→ **What you have to do**:
Beginning with the line of the entries below that holds "A colossal, steaming" and ending with the line that holds "Autore: Carlo Goffi", transcribe each line exactly as written. Pictures stay out.

* * * *

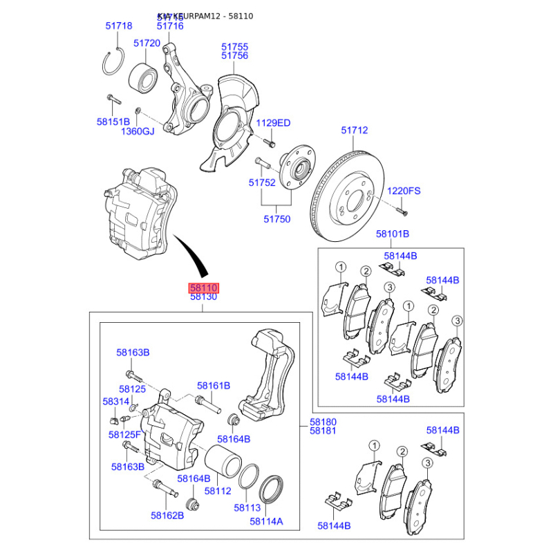 Пошук деталей можна виконати за оригінальним кодом 581102K100.
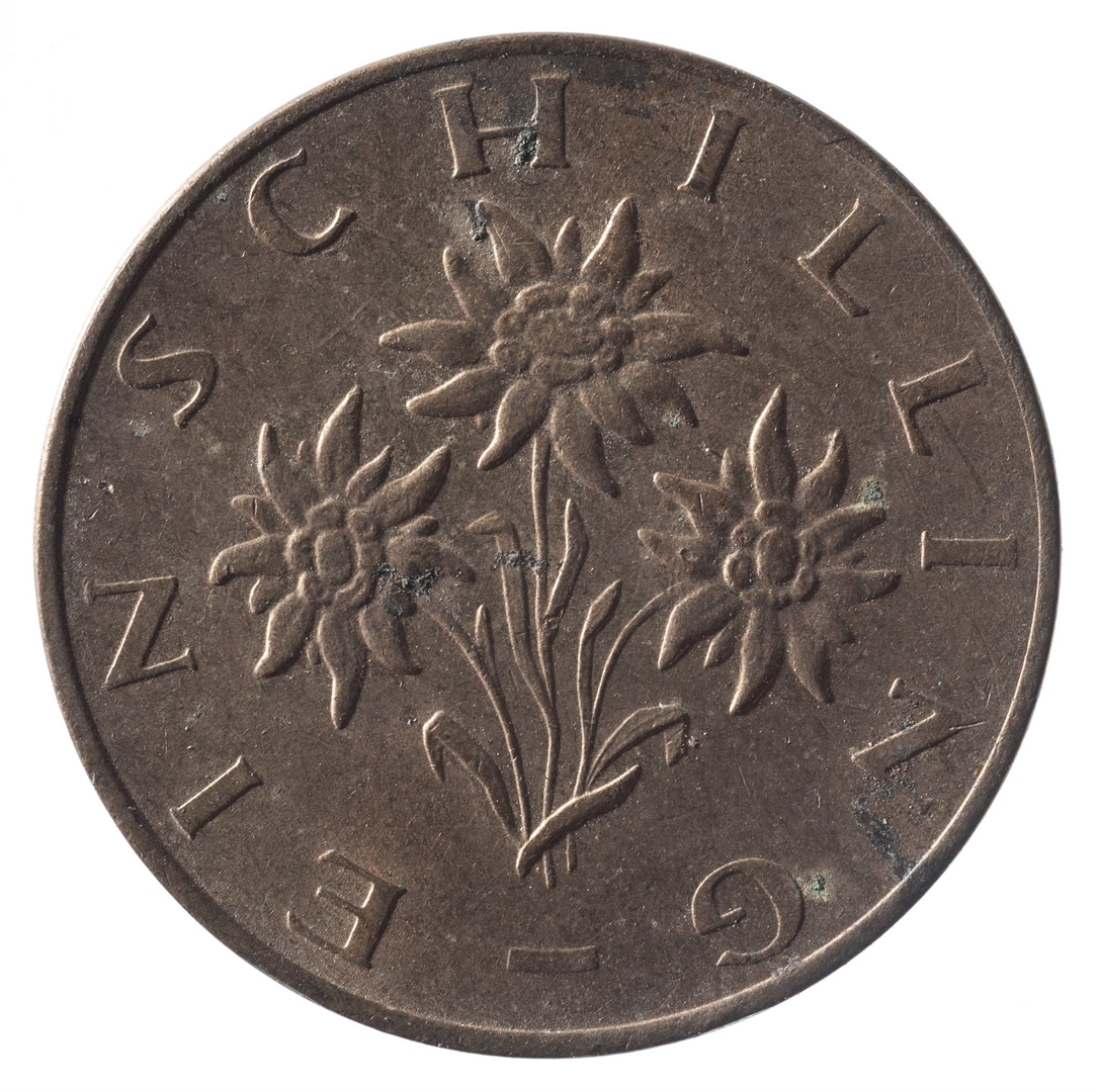 U sredini veliki broj 1, a ispod njega tekst SCHILLING i godina kovanja.
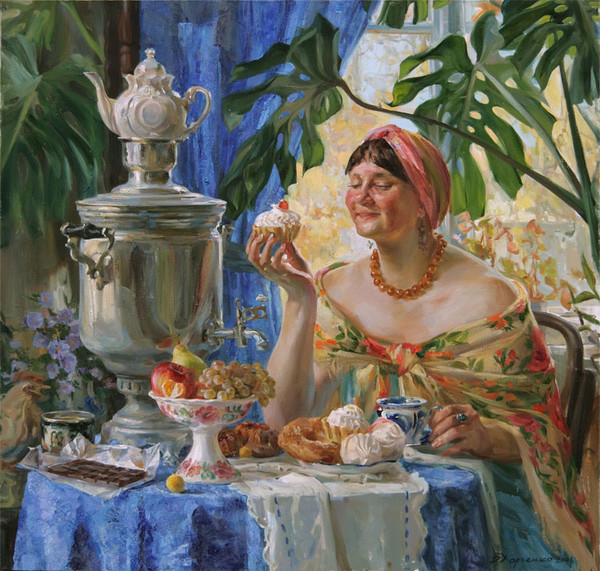 Обычай, древний на Руси. Единство, молодых и старых. Не веришь? Хоть кого спроси. Варенье, сладости, печенье, И сотами, янтарный мёд. Чай не еда, а угощение! Тут аромат от трав идёт. Говаривал один "светило". Почтенный, сельский эскулап. - Не выпил чай, какая сила! - А выпил, так совсем ослаб! От тульских братьев Баташовых*, Оглядываю самовар. Ручной работы и не новый. Кипит и чувствуется жар! Начищен, с блеском отражения, В нём вижу все черты лица. Бурлит внутри "фонтан сражения", За тонкой стенкой, без конца. На нём четырнадцать медалей. И все медали разных лет. Вы, где-нибудь, сие видали?! Не самовар, - сам раритет! Вот, оно русское наследие, Великих, тульских мастеров! Изделие, из чистой меди, Чтобы хозяин был здоров! Заварим чай из самовара, С кипящей, ключевой водой! В нём угли, отыскрятся жаром, И лягут пеплом на покой. Вот так-то вот, мой друг любезный! Я речь свою, веду о том. Из самовара чай, полезный, Когда потянет в нос дымком! А.Лихачёв |
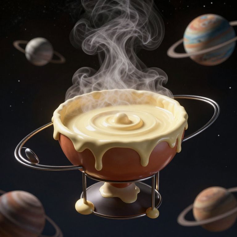 A colossal, steaming fondue pot floats serenely in the cosmic void, its rich, molten contents dripping like celestial rivers while tiny planets orbit around it like moons, creating a surreal tableau where earthly indulgence meets otherworldly wonder.
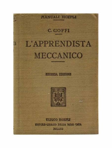 Autore: Carlo Goffi Titolo: L'apprendista meccanico Sottotitolo: Disegno geometrico e meccanico - meccanica motori a vapore - motori a combustione interna (a gas povero, a benzina, ad olio pesante) - impianti frigoriferi - principali metalli usati nelle industrie meccaniche; loro lavorazione Edizione: Ulrico Hoepli 1920 seconda edizione riveduta ed ampliata Dimensioni: 14,5x10 cm Pagine: 530 Copertina: Telata qualche pagina mancante nell'indice Peso: 0,249 kg
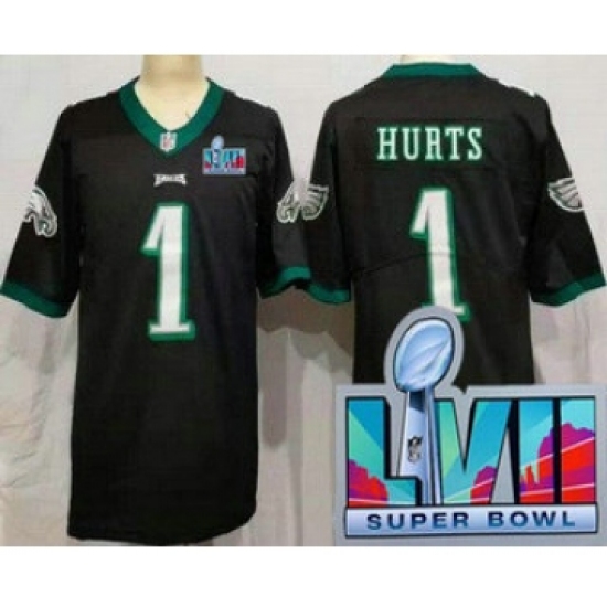 Women's Philadelphia Eagles #1 Jalen Hurts Limited Black Super Bowl LVII Vapor Jersey
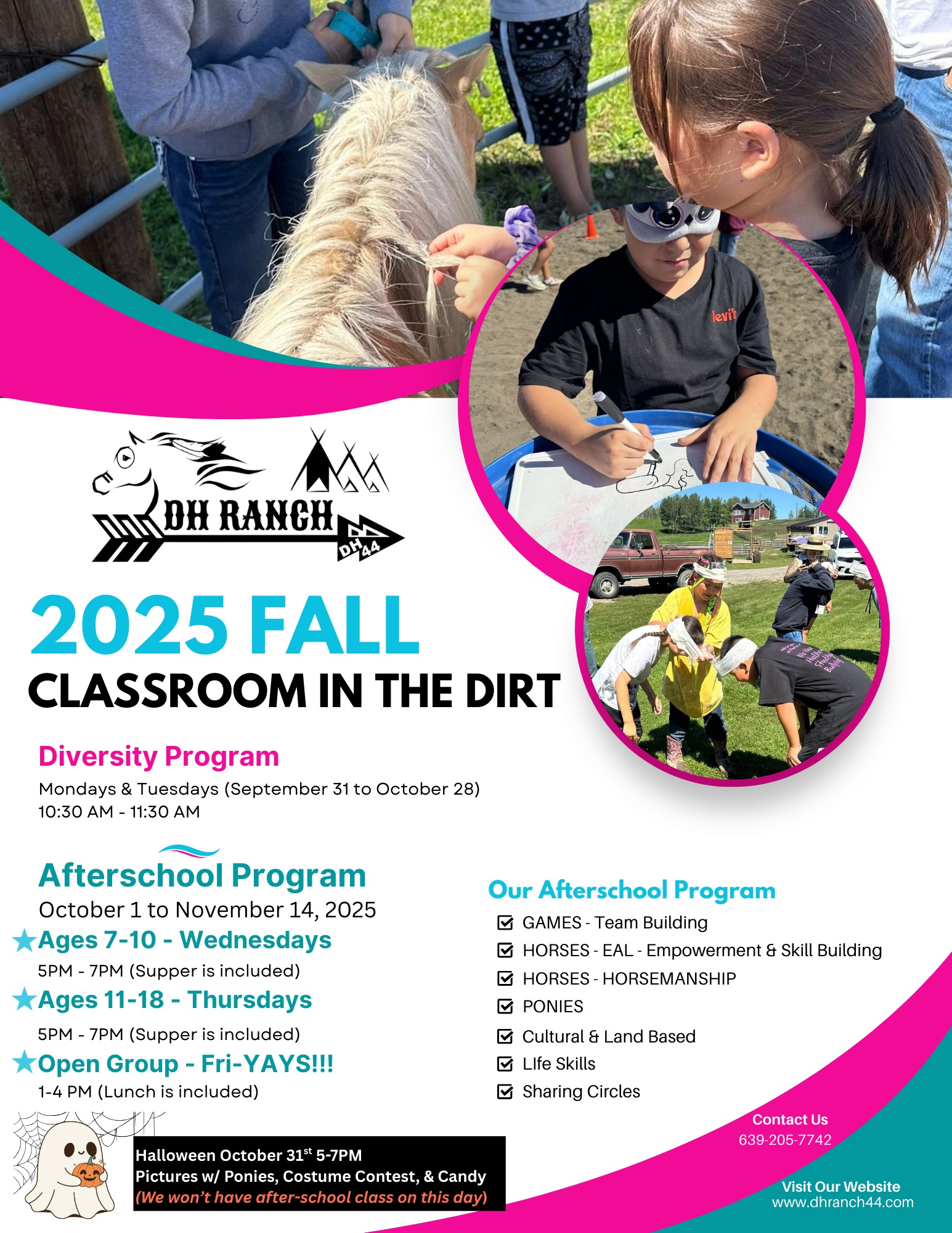 Gújá nágúdīgòy(Good morning), Please see the attached poster and information for the DH Ranch 2025 Fall Afterschool Program Schedule and ...

* * * *

→ **Task solution**:
 A colossal, steaming fondue pot floats serenely in the cosmic void, its rich, molten contents dripping like celestial rivers while tiny planets orbit around it like moons, creating a surreal tableau where earthly indulgence meets otherworldly wonder.
 Autore: Carlo Goffi Titolo: L'apprendista meccanico Sottotitolo: Disegno geometrico e meccanico - meccanica motori a vapore - motori a combustione interna (a gas povero, a benzina, ad olio pesante) - impianti frigoriferi - principali metalli usati nelle industrie meccaniche; loro lavorazione Edizione: Ulrico Hoepli 1920 seconda edizione riveduta ed ampliata Dimensioni: 14,5x10 cm Pagine: 530 Copertina: Telata qualche pagina mancante nell'indice Peso: 0,249 kg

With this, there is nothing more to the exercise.